» Recorded data:
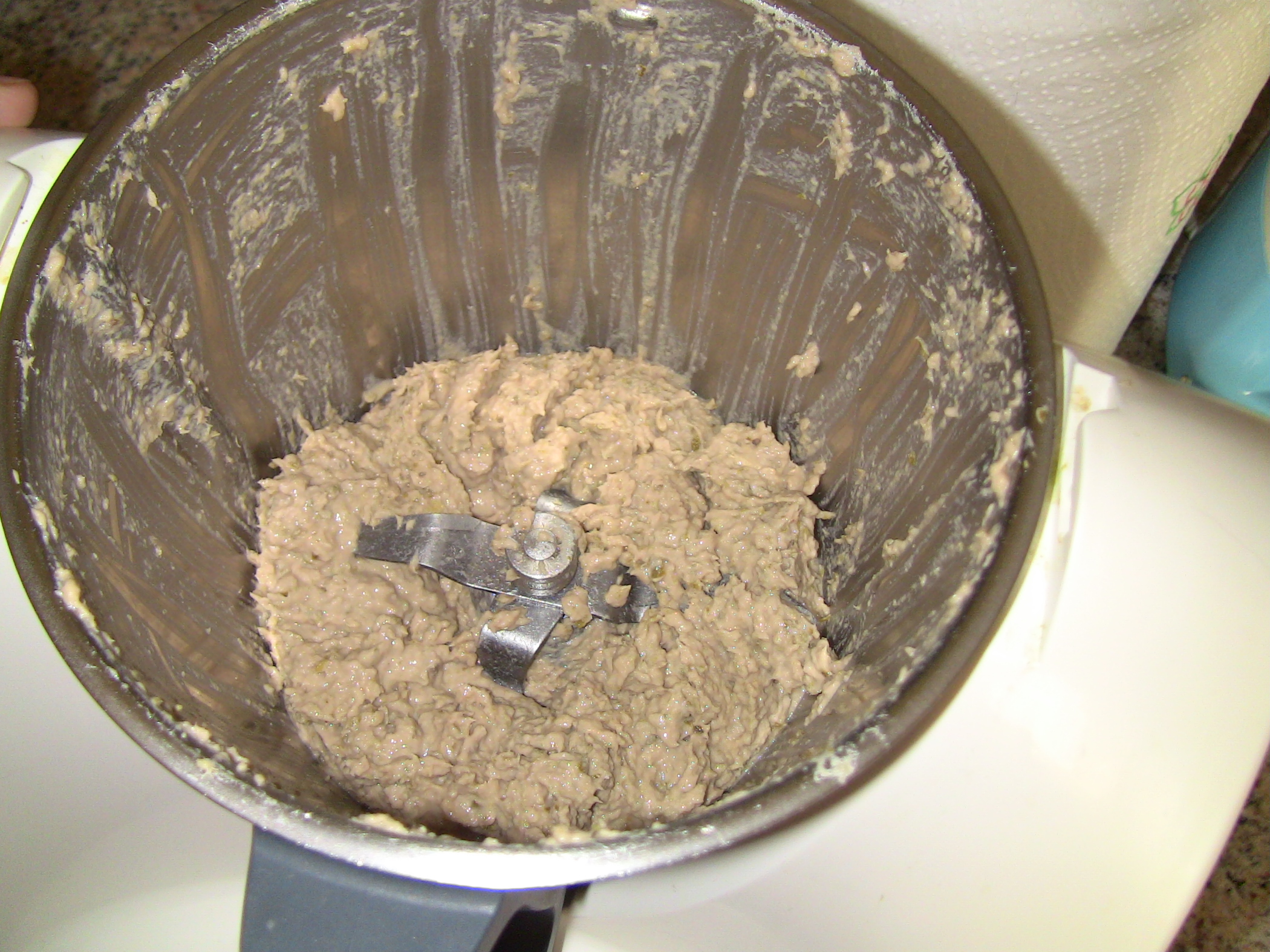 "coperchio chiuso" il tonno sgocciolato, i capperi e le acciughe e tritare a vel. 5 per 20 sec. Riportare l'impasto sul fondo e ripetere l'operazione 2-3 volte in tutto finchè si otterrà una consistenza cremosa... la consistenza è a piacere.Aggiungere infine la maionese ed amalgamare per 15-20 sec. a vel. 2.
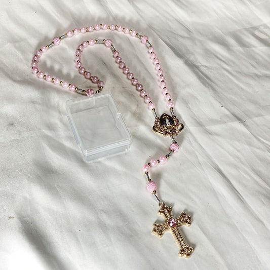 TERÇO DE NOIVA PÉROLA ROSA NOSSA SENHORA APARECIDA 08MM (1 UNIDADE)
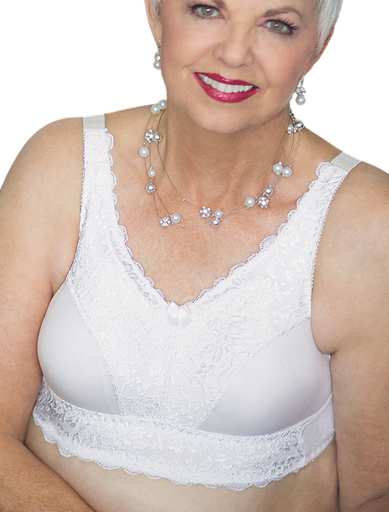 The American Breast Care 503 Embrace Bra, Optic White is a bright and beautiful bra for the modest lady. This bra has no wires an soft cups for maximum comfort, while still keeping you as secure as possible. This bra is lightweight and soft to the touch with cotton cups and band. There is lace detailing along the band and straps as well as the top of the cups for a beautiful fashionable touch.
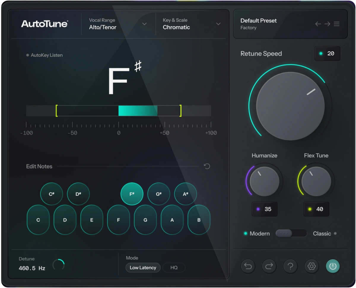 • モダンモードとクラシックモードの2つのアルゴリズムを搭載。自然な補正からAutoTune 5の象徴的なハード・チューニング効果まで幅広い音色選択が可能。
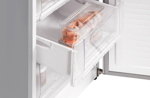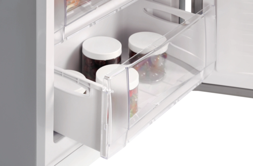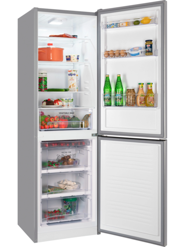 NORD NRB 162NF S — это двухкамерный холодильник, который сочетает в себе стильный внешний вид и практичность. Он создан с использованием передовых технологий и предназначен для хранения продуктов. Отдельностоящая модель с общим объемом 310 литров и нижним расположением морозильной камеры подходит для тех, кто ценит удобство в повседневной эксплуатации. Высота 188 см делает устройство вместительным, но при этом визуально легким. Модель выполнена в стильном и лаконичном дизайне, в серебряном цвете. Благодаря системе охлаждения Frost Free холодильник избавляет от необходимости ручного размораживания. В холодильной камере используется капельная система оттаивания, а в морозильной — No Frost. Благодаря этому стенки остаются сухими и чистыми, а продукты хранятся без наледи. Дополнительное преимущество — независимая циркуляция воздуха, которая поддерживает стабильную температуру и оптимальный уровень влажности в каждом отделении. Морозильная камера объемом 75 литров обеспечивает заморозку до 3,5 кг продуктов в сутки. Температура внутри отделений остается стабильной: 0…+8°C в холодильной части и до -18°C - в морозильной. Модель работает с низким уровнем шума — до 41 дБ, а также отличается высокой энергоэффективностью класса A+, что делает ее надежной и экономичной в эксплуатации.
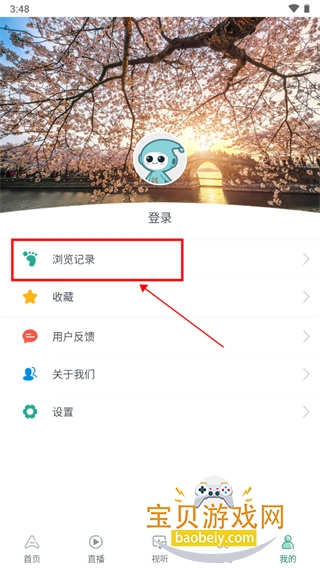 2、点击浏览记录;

» ABOUT THIS EXERCISE: Word for word, write out the lines from the top of the records above down to the line holding "TERÇO DE NOIVA", inclusive, but not the pictures.

» REPLY TO THE TASK:
 "coperchio chiuso" il tonno sgocciolato, i capperi e le acciughe e tritare a vel. 5 per 20 sec. Riportare l'impasto sul fondo e ripetere l'operazione 2-3 volte in tutto finchè si otterrà una consistenza cremosa... la consistenza è a piacere.Aggiungere infine la maionese ed amalgamare per 15-20 sec. a vel. 2.
 TERÇO DE NOIVA PÉROLA ROSA NOSSA SENHORA APARECIDA 08MM (1 UNIDADE)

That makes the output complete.